Thanks to the strong early performance in Singapore and the Sands Corporation's announcement that it made its first profit in two years in the first quarter - $US17.6m, against a $US34.6m loss last year - the ratings agencies Standard & Poor's and Moody's boosted the firm's rating from negative to positive.The share price is up almost 1000 per cent from its low, restoring Adelson to the ranks of the world's richest men - worth just under $US10bn, according to the latest billionaires list compiled by Forbes magazine.
"My family piggy bank is a little thinner," he concedes. But he is not out of the swamp yet. The Sands Corporation has $US12.2bn of bonds and loans due from next year until 2015, according to Bloomberg.
Adelson says the correct figure is $US10bn, adding: "We can easily meet it. We have a business model that is unlike those of other gaming and hotel operators. We build core assets - hotels and casinos - and non-core assets - shopping malls and property. We sell the non-core assets and pay down our debt. We started in Vegas and it worked well. We'll do the same in Asia."

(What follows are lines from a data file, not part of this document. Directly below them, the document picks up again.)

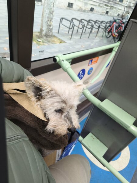 "Tatie Mayon m'a fait une drôle de blague ! D'abord elle m'a réveillé à 6h30 pour pipi et pti dej. Ensuite, elle a dit :"viens tu vas voir la capitale". On a pris la voiture et ensuite on est montés dans un truc qui roule plus grand que la voiture et qu'elle a appelé un train. Bien installé sur la tablette, j'ai pu continuer ma nuit Arrivés à Paris, on est descendu de la garre du Nord à République à pattes ! Heureusement ça descendait vraiment. Et puis il y avait des trucs rigolos qui m'ont bein plu : des pigeons. On est entrés dans un bistrot, où j'ai eu droit à une gamelle d'eau que j'aurais pu prendre un bain dedans, mais c'était gentil de penser à moi. Pendenat que Tatie parlait avec son ami du Niger, j'ai pu refaire un pti somme. C'est qu'après, il a fallu retourner à la gre. Mais pas question de refaire tout le trajet à pattes. On a opté pour le bus. J'ai pris place dans mon sac de transport et on a attendu à l'arrêt mais pas longtemps. Ensuite on s'est bien installé et j'ai pu regarder la fameuse "capitale". - today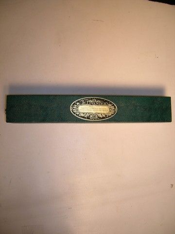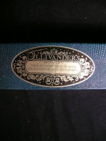 During filming, the wand boxes were prone to tipping over and the contents falling out, so sealed, empty boxes were substituted on the shelves for easier handling. The box is made using a green 'alligator skin' patterned cardboard, with an Ollivander's sticker affixed to the lid, and small metal clasp on one end. (measures approx. 14 1/4"x 3 1/2").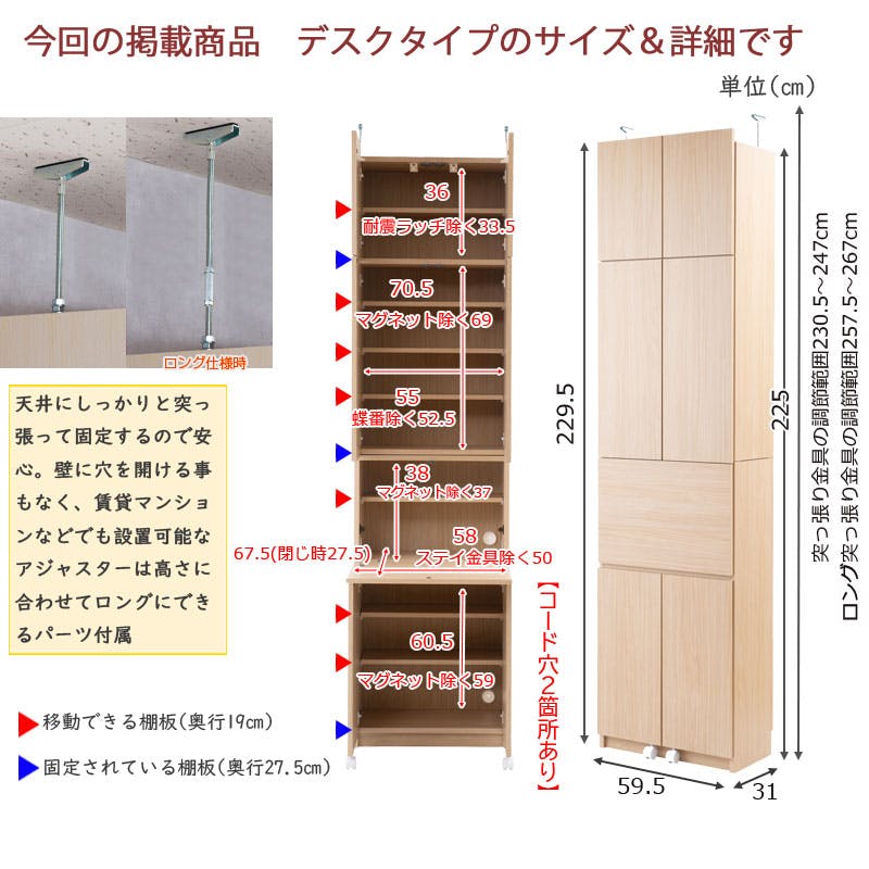 ■商品サイズ/本体:(約)幅59.5×奥行31×高さ229.5(立上がり扉高さ4.5cm含む)cm、突っ張り高さ調節範囲:(通常アジャスター時)(約)230.5~247cm(ロングアジャスター時)(約)257.5~267cm■扉内寸:(約)幅55(蝶番除く52.5)×奥行27.5(可動棚板19)×高さ(上扉)36(耐震ラッチ除く33.5)、(中扉)70.5(マグネット除く69)、(デスク扉)38(マグネット除く37)、(下扉)60.5(マグネット除く59)

He predicts that, in addition to asset sales, the company will be making $US3bn annual profits from worldwide operations by 2011-12. "We also have $US5bn in the bank - cash," he said.
Adelson is so confident he is on to a winner in Asia that he is re-starting work on his 20,000-room, 12-hotel development in Macau, suspended after the credit crunch, and is planning his next play: Japan. "We would like to enter Japan aggressively. The market for gaming there is $US25bn, minimum," he said as Diana Ross took to the stage at last week's opening party in Singapore.The only snag is, casinos are illegal in Japan.
But, as Singaporeans have discovered, Adelson is not the kind of man to let national laws or losing more money than God stop him getting what he wants.